In fact, an analysis of Forms 990 for approximately 100,000 organizations filing the annual report to the IRS in 2014 published recently by the Wall Street Journal found 2,700 nonprofit officials were paid more than $1 million. Although most were administrators at hospitals and universities, there were also many football coaches and executives at endowments like the Harvard Management Company. Nonprofit organizations respond that they are trying to attract the best candidates and are merely adopting compensation practices similar to those in the private sector.

Get it? See what happened? TAKE TO THE STREETS. FLOOD YOUR REPRESENTATIVE’S OFFICE WITH EMAILS. THIS IS A SERIOUS MISCARRIAGE OF JUSTICE.

 

Do I need to spell it out for you? Do you see what’s happening here?
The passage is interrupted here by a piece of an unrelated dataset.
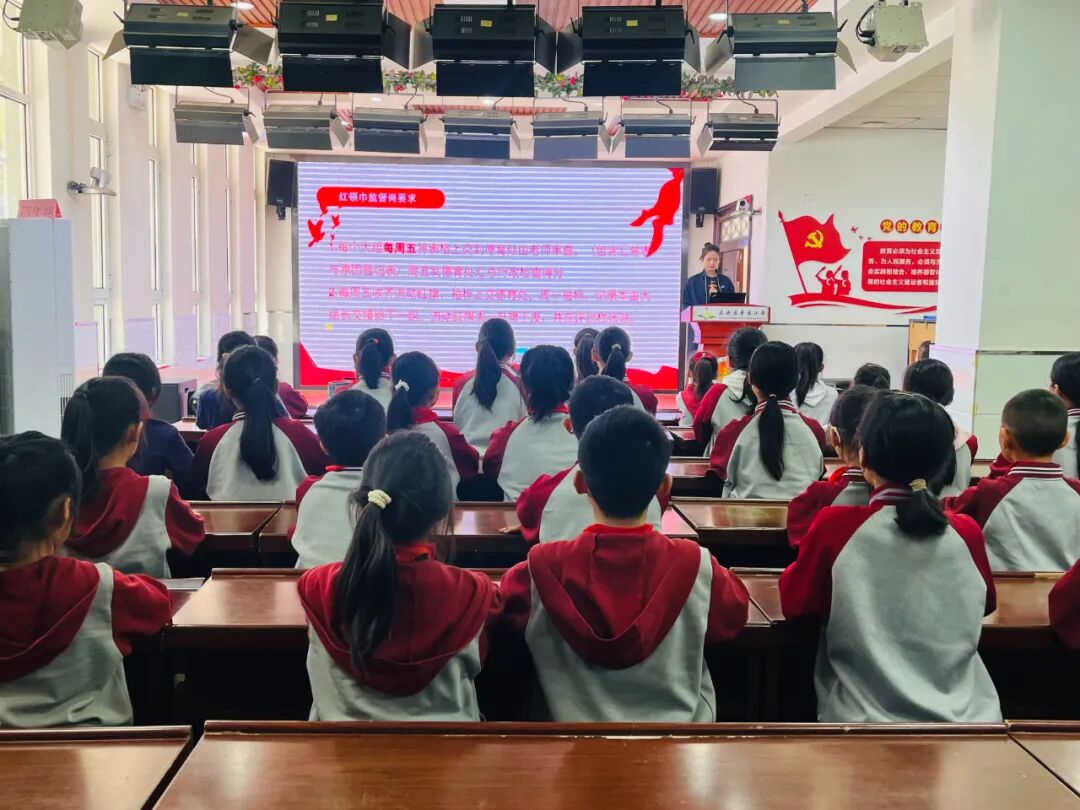 她提醒大队干部要做到“腿勤、眼勤、嘴勤、手勤”,为全体少先队员做好表率;要团结协作、勇于担当、敢于负责,服务好同学、协助好老师,充分发挥少先队干部职能和少先队小主人的精神。大队干部们认真聆听,积极互动,纷纷表示会在今后的工作中更加尽职尽责,做好小助手,起好带头作用。

You want to spend your kid’s tuition money on sky-rocketing multimillion dollar salaries for coaches and on twenty million dollar a year compensation for university money managers, and here comes the IRS to tell you that these aren’t appropriate non-profit expenditures! They even have the gall to say that giving all that money to coaches and money managers diverts tax-exempt money from students and shit! Whatever that means.

So they’re putting a crushing new tax on excess non-profit compensation, which means universities are likely to pull back on these amounts and you will have to pay the managers and coaches less.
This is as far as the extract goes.